The environmental campaigning charity has expressed concerns over Government’s plans to increase new housing numbers from 28,900 to 32,000 to be built in the South East every year for the next 20 years.

The group challenged a Whitehall report saying that additional new housing is necessary in the overcrowded South East, and that green belt land may have to be built on to accommodate the plans.

CPRE South East Director Edward Dawson said:

“There will be huge pressures on resources and infrastructure, such as water and transport, and large areas of valued countryside, including the internationally important Thames Basin Heaths, are under serious threat.”

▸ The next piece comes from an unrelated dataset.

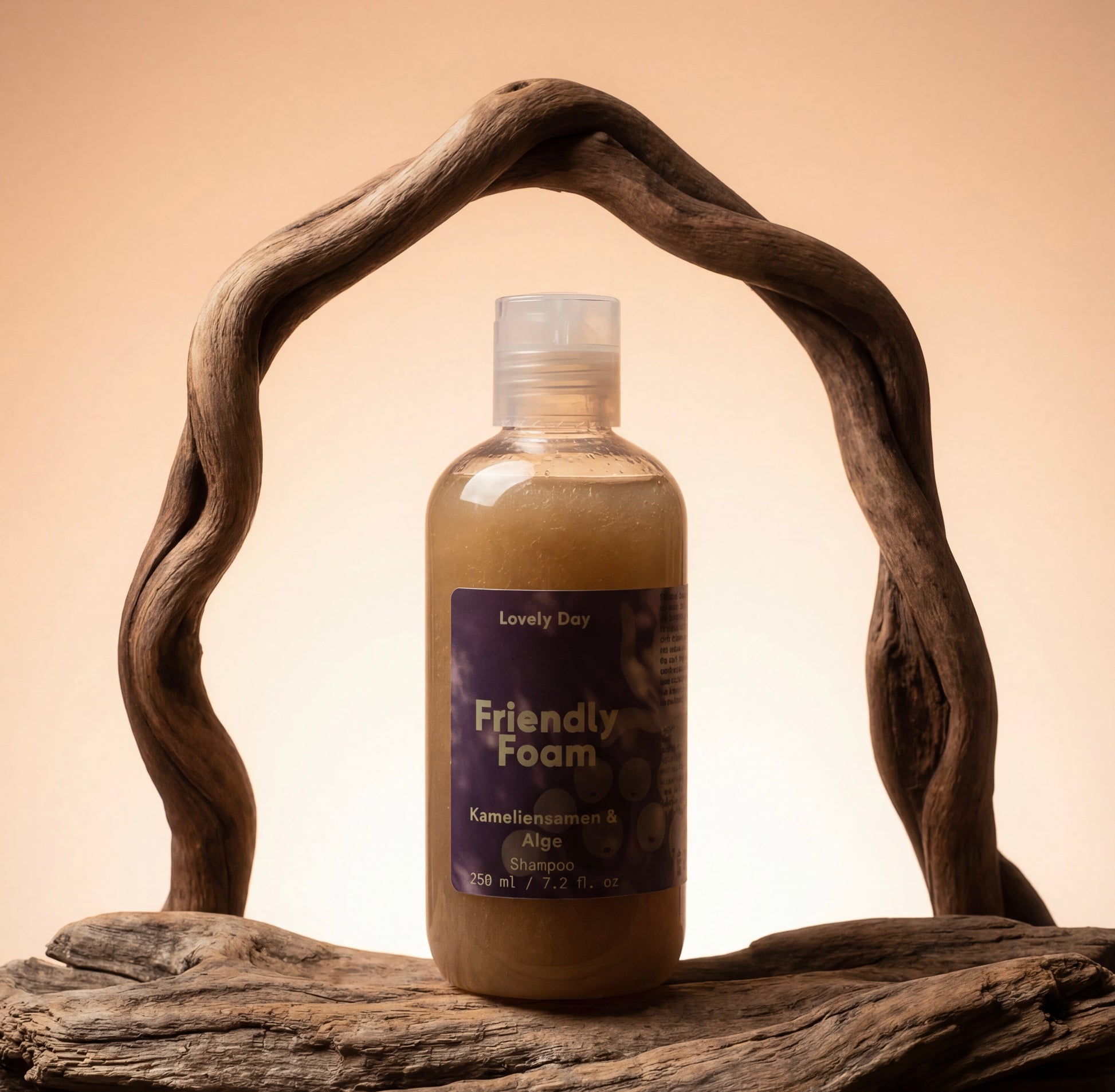 Shampoos bestehen aus sogenannten Tensiden, waschaktive Substanzen die reinigend wirken. Tenside werden weltweit eingesetzt in Shampoos, Putzmitteln, in der Industrie und werden in der Regel aus sehr großen Mengen Palmöl hergestellt. Da wir Menschen ein hohes Bedürfnis haben und zu reinigen, ist der Ressourcenverbrauch durch Shampoos enorm.Unser Friendly Foam Shampoo reduziert den Einsatz dieser Tenside, denn wir benutzen als Haupttensid einen Extrakt aus den Pressresten der Kamelienölproduktion.

The pressure group claims that under these new housing schemes, the integrity of the region’s greenbelt could be at risk, and that government should strongly consider raising its 60% target for building on brownfield sites to 75%.

In a pledge earlier this year, Prime Minister Gordon Brown said that three million new homes would be built by 2020 in the UK, predominantly on previously developed brownfield sites.

CPRE South East says that it welcomes the “importance attached…to the sustainable development of the South East,” but they stress the pressure for new housing in the South East is more intense than in any other region of the country and could pose a “serious challenge to…the region’s countryside.”

A review of the new housing plans in the region is due to take place over the coming weeks, with a final plan to be published by next summer.

“It is a huge challenge to provide 640,000 new homes in a region where the capacity of the environment is being stretched to the limit,” said CPRE South East Director Edward Dawson.